Even these days there is many events in climate change that we can not understand and they are informatics for us. With trying to evolve our understand of these we make our information more.


After this example we need to measure this information. The best point to start is to look at DNA as a basic information center of cell and try to find a measure for unpredictability of DNA region.

Because we don't have the generator of the DNA we need to rely on the samples that we have from this source of uncertainty.

So to start, we need to look at same region in human gene for different persons and try to estimate the properties of the generator and this will give us how much informative is that generator.

To get these sequences I need to use a data base. But I am not sure if I can get this kind of data from the websites in the assignment part.


What can I do in Project. Oct 29

I can participate in genome interaction project with helping in studying and understanding the interaction rules to use statistical models and try to find the best matching algorithms. We can also redefine our problem and try to find a new model for gene interactions because we are going to add more futures onto our project which definitely needs different modeling and design. Also I can help in designing a part to use the information and cluster it over time which it gets information to train itself as a machine learning project to predict about a new question that we ask it.

Because the genes are not the only factor that play essential rules we also need to design our core to be adaptive to add any kind of information that user likes about his or her diet weight and etc. The core should use a real time clustering for data which helps us to have instant prediction for any user also data base will get accurate over time based on user reports. Real time processing of data in different cores will helps us to distribute complexity in a kind of parallel way and we don't need to be worried of high complexity.


Decision and inference Box. Nov 10th

With learning process I mean updating some parameters for a model. we can choose more parameters that can also choose one model among some models and the update that model. and this paparmeters dimension will grow bigger and bigger.

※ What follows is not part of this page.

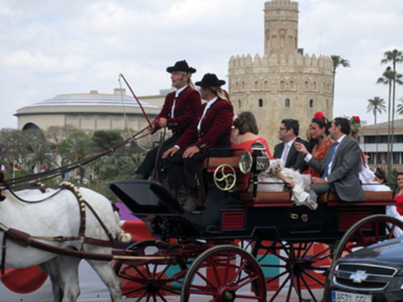 Durante estos días de feria es continuo el paso de carruajes y caballos que se encaminan a la Feria. La Torre del Oro testigo de este acontecimiento internacional permanece silenciosa a orillas del Guadalquivir. Imposible pasar inadvertida.

Two good properties that our decision process needs:

1) Flexible for adding a new model to check(Or flexible to add parameters)

2) Ability to update the parameters with just using a new experiment result(I mean it doesn't need all data again.)


For a given case study we can:

i) Make our initial model space based on models that already exist for that case study.

ii) Write a program to fit the data and find the goodness of fit for all the model and find the best model.(This can be done with methods like Maximum likelihood or just exhaustive search.)

iii) Use algorithms to design an updating approach using recursive estimation methods.(This can be done with Kalman filtering idea because we will have noise in our data.)